Phase transition and hysteresis in scale-free network traffic

We model information traffic on scale-free networks by introducing the node queue length $L$ proportional to the node degree and its delivering ability $C$ proportional to $L$. The simulation gives the overall capacity of the traffic system, which is quantified by a phase transition from free flow to congestion. It is found that the maximal capacity of the system results from the case of the local routing coefficient $\varphi$ slightly larger than zero, and we provide an analysis for the optimal value of $\varphi$. In addition, we report for the first time the fundamental diagram of flow against density, in which hysteresis is found, and thus we can classify the traffic flow with four states: free flow, saturated flow, bistable, and jammed.

Figure 1

(Color online) Overall capacity of a network with $N=1000$, $m0=m=5$, $\alpha =1$ (a), $\alpha =2$ (b), and $\beta =0.2$. The capacity is characterized by the critical value of $R_c$ for different $\varphi$. In (a), $\alpha =1$, ${\varphi }_{\mathit{\text{optimal}}}=0.3$, and $R_c^{\mathit{max}}=18.7$. In (b), $\alpha =2$, ${\varphi }_{\mathit{\text{optimal}}}=0.1$, and $R_c^{\mathit{max}}=42.2$. In both cases, the maximum of $R_c$ corresponds to a $\varphi$ slightly greater than zero marked by a dashed line. The data are obtained by averaging $R_c$ over ten network realizations.

Figure 2

(Color online) Average travel time for a network with $N=1000$, $m_0=m=5$, $\alpha =2$, and $\beta =0.2$. (a) Average travel time $⟨T⟩$ versus $\varphi$ for $R=1$, 2, and 5. The data are truncated because the system jams when $\varphi$ is either too large or too small. (b) The variation of $⟨T⟩$ versus $R$ when $\varphi$ is fixed.
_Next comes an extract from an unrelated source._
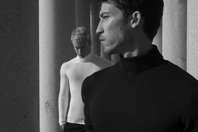 A KALTBLUT exclusive menswear editorial from Madrid. Photography by RinaldoSata. Models are the Spanish Iñigo Aguas and the Puerto Rican Francisco Paniaguas, both models of “UNO BCN” based in Madrid. Styled by Pablo Guerrero Aguilar. Hair and make up by Andreas @Corta_Cabeza Salon Team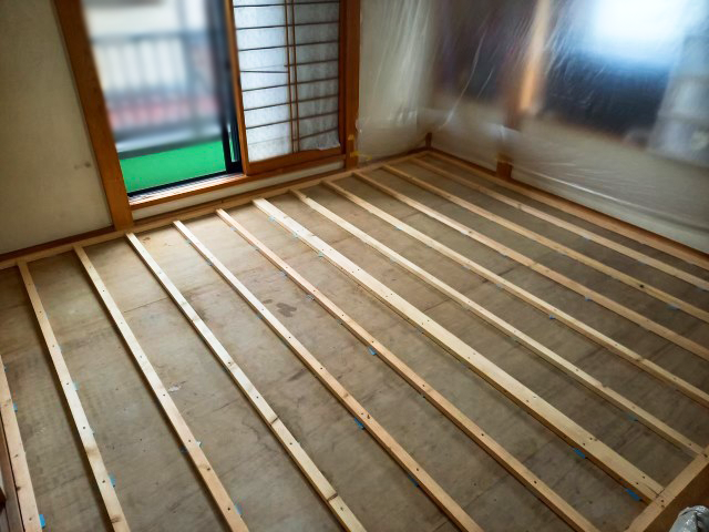 畳を撤去した分、床の厚みが変わるため、下地の高さを合わせる必要があります。

The data are also truncated when the system jams.

Figure 3

(Color online) Fundamental diagram for a $N=1000$ network with $m0=m=5$, $\alpha =1$, $\beta =0.2$, and different $\varphi$. The data are averaged over ten typical simulations on one realization of network. In each chart, the solid square line shows the flux variation when adding packets to the system (increase density), while the empty circle line shows the flux variation when drawing out the packet from the system (decrease density). The sudden transition density values are 0.26 and 0.23 $(\varphi =0.0)$, 0.40 and 0.34 $(\varphi =0.3)$, 0.26 and 0.15 $(\varphi =-0.5)$, 0.15 and 0.13 $(\varphi =-0.7)$. For different realizations of the network, the fundamental charts are similar, but with a small difference in the transition values. The arrows in the charts of $\varphi =0.3$ and $-0.5$ show the hysteresis as a guide for the eyes.

Figure 4

(Color online) (a) Fundamental diagram for a $N=5000$ network with $m0=m=5$, $\alpha =1$, $\beta =0.2$, and $\varphi =0.1$. (b) The averaged number of jammed nodes $⟨N_{jv}⟩$. The symbols for an increasing or decreasing density are the same as in Fig. 3. One can see that the two sudden change points 0.40 and 0.14 in both charts are equal. The arrows are showing the hysteresis as a guide for the eyes.